If I accelerate one piston inward (say at 9.8 m/s^2), there will be
an adiabatic compression at that end (and that compression will be
occurring faster and faster). The gas at that end will warm. In the
quasistatic limit, the gas throughout would be the same temperature,
but does a quasi-static approximation apply in this continuously
changing situation?
I conclude there will a definite (and
continuously changing) temperature gradient -- hottest near the
moving "back piston", and coolest near the stationary "front piston".
I could also pull out on the far side with the same sort of
acceleration. Same questions (but with cooling rather than warming,
of course).
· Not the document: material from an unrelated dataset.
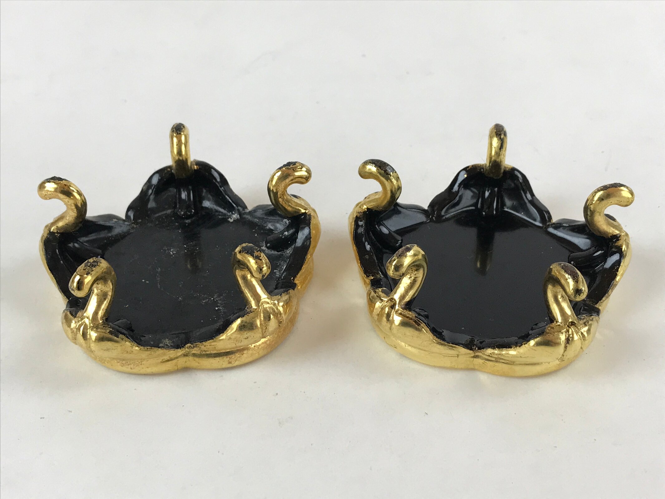 Japanese Buddhist Altar Fitting Offering Cup Stand Vtg 2pc Bukki Black BA159

I conclude there will a definite (and continuously
changing) temperature gradient -- hottest near the "back piston", and
coolest near the moving "front piston".
I could also move BOTH sides with the same acceleration (maintaining
a constant volume) , so that there would be a continued adiabatic
compression at one end and a continued adiabatic expansion at the
other. Could this be considered quasi-static, so that we can assume
the gas will relax to a uniform temperature, or does the fact that
the ends are continuously changing (accelerating) mean we might never
reach a quasi-static situation and the compression & expansion would
maintain a temperature gradient across the tube?
Of course, I could ALSO do this with a 1 km long tube mounted in a
spaceship accelerating at 9.8 m/s^2. Or do it with a 1 km long tube
standing on the earth. John Denker's previous analysis concludes
that we would indeed achieve a uniform temperature in any of these
cases.
FOLLOW-UP # 1: How would the analysis change if either or both of
the pistons was a thermal reservoir held at the original temperature
(eg 300 K), rather than an insulated piston?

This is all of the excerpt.